Exercise objective: Reproduce the lines below exactly, from the one containing "捐款信息已在医院工作群和公示" through the one containing "부여하는 것도 가능합니다).", both included. Leave out any pictures.

Task input:
************

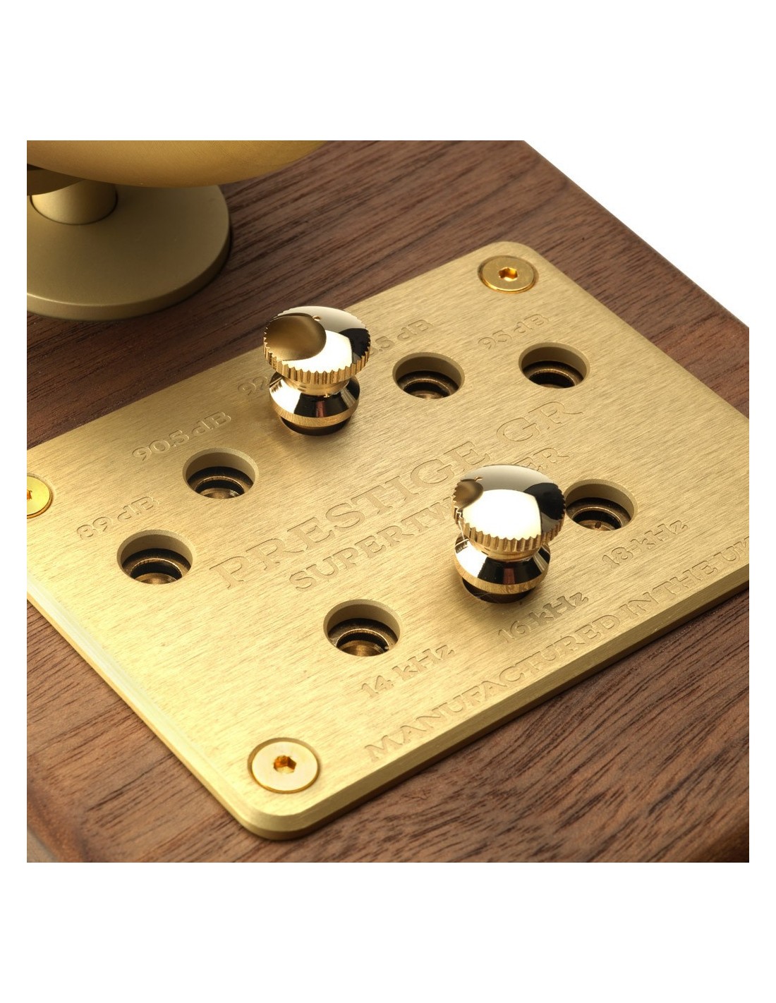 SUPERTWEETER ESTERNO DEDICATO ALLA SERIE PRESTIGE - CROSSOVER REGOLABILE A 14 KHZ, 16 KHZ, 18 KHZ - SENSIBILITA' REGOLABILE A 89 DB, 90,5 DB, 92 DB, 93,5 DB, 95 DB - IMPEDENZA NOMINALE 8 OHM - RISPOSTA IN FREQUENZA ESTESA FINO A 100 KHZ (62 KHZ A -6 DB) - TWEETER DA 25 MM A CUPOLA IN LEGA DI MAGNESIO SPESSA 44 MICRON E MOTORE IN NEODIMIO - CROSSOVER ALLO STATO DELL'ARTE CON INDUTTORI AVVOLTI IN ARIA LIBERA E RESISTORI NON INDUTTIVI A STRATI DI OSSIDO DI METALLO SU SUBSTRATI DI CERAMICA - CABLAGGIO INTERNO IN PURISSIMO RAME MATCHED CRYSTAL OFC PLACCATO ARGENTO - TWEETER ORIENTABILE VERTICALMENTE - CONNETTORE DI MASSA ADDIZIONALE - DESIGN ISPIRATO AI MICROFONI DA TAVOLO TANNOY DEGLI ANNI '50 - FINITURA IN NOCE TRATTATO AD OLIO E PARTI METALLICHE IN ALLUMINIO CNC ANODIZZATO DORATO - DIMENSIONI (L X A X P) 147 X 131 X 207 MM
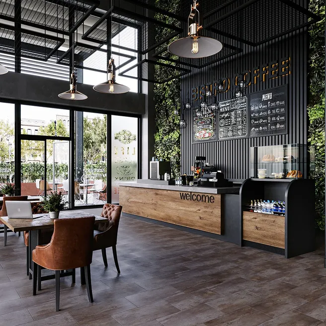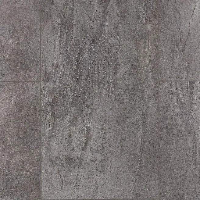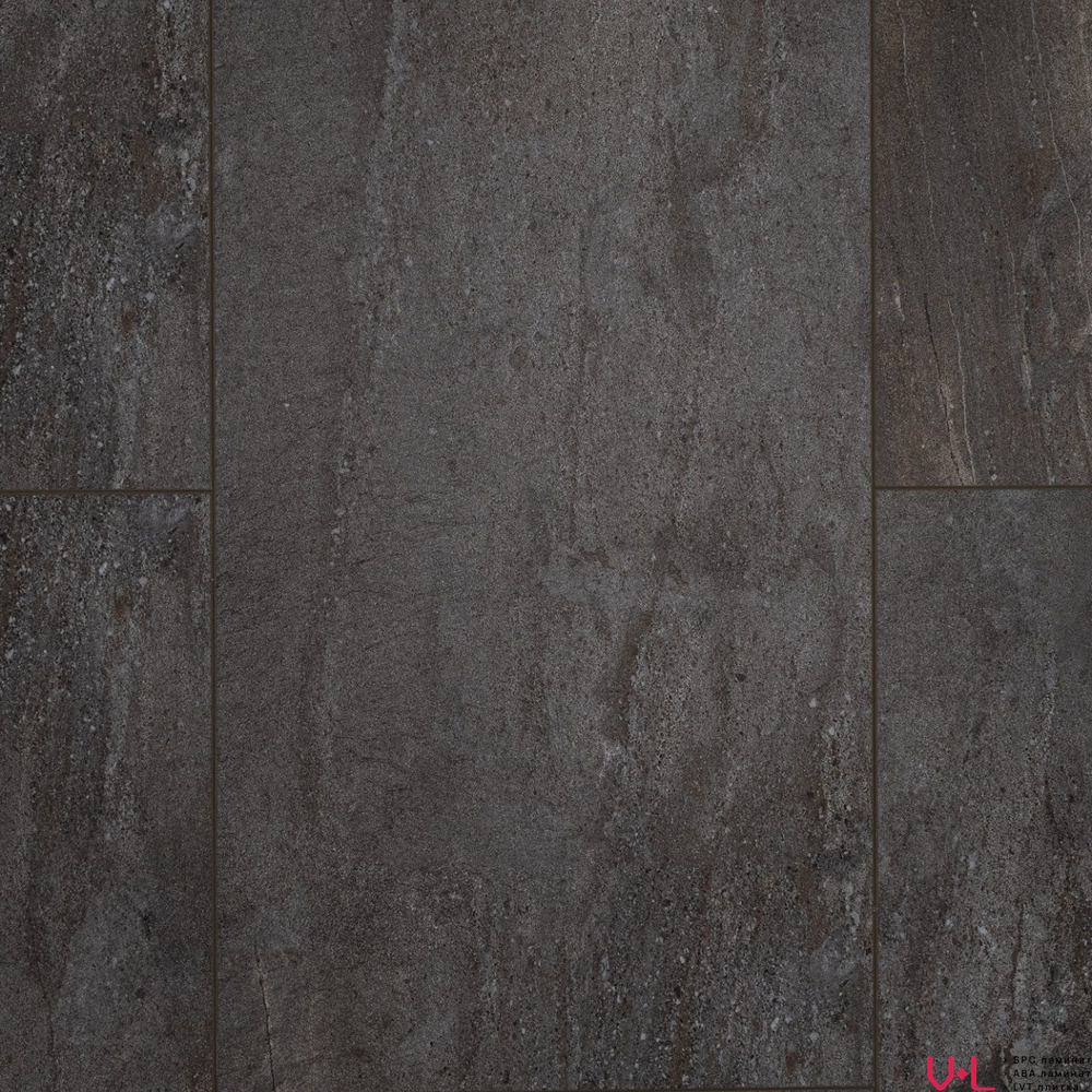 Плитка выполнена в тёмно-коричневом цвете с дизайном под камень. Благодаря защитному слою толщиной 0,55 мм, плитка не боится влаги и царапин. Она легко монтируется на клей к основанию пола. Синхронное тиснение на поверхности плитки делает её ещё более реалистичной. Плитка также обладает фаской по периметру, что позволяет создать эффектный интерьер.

************

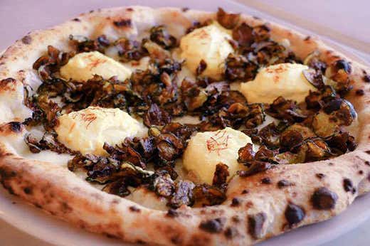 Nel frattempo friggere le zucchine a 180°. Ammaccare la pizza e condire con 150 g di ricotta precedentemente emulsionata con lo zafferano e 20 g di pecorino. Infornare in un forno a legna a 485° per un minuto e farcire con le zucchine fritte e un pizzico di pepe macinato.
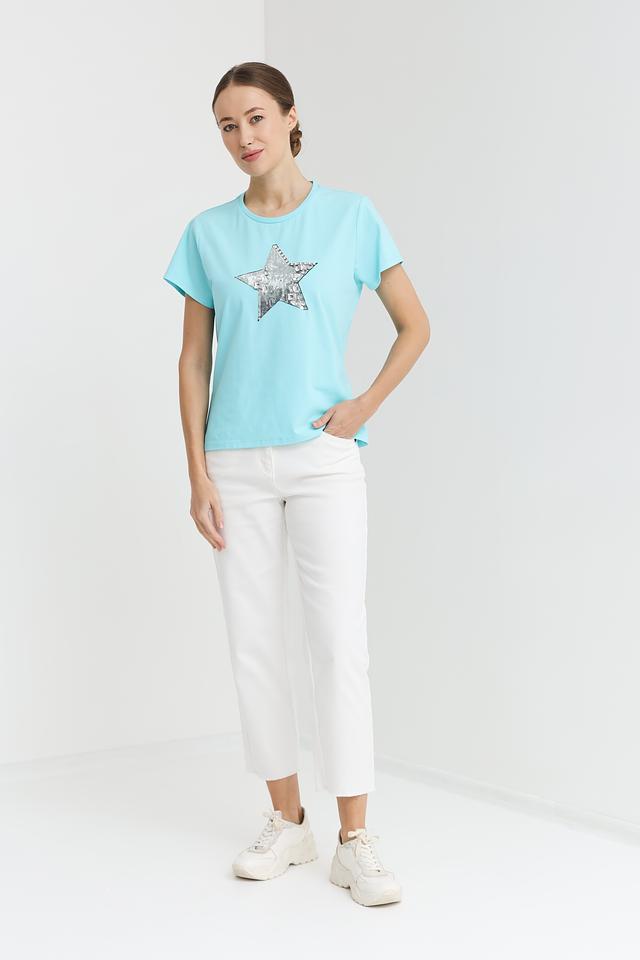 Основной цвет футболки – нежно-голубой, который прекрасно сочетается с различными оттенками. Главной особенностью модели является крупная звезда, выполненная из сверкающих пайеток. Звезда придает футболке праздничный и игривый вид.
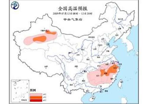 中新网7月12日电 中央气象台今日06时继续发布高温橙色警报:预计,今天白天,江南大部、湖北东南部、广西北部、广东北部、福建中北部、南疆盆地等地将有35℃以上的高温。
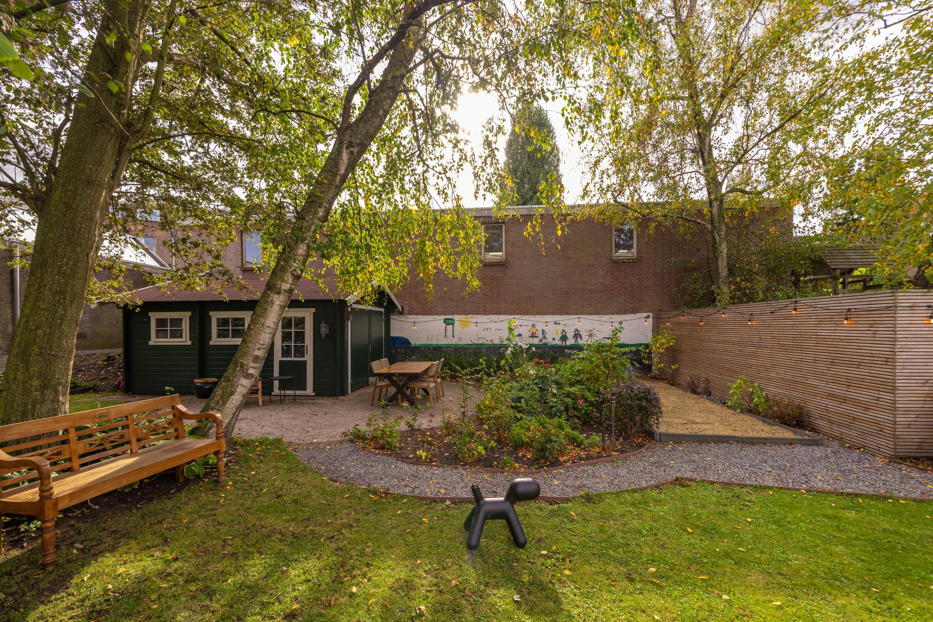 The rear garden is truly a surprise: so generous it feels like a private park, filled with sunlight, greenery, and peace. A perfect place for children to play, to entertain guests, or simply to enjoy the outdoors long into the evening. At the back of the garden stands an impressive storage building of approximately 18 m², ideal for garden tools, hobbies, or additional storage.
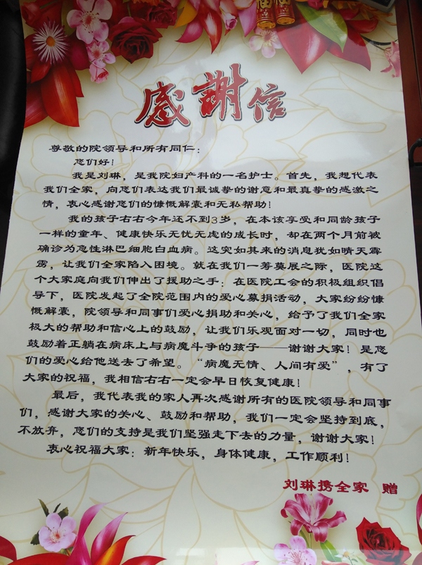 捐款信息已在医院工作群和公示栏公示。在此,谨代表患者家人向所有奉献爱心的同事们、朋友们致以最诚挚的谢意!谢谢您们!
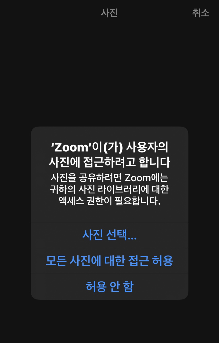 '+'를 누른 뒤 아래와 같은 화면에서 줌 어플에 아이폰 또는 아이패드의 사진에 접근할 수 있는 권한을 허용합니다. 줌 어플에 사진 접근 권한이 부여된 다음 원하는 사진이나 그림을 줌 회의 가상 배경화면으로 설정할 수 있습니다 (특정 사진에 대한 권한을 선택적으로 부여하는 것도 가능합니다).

************

Response area:
 捐款信息已在医院工作群和公示栏公示。在此,谨代表患者家人向所有奉献爱心的同事们、朋友们致以最诚挚的谢意!谢谢您们!
 '+'를 누른 뒤 아래와 같은 화면에서 줌 어플에 아이폰 또는 아이패드의 사진에 접근할 수 있는 권한을 허용합니다. 줌 어플에 사진 접근 권한이 부여된 다음 원하는 사진이나 그림을 줌 회의 가상 배경화면으로 설정할 수 있습니다 (특정 사진에 대한 권한을 선택적으로 부여하는 것도 가능합니다).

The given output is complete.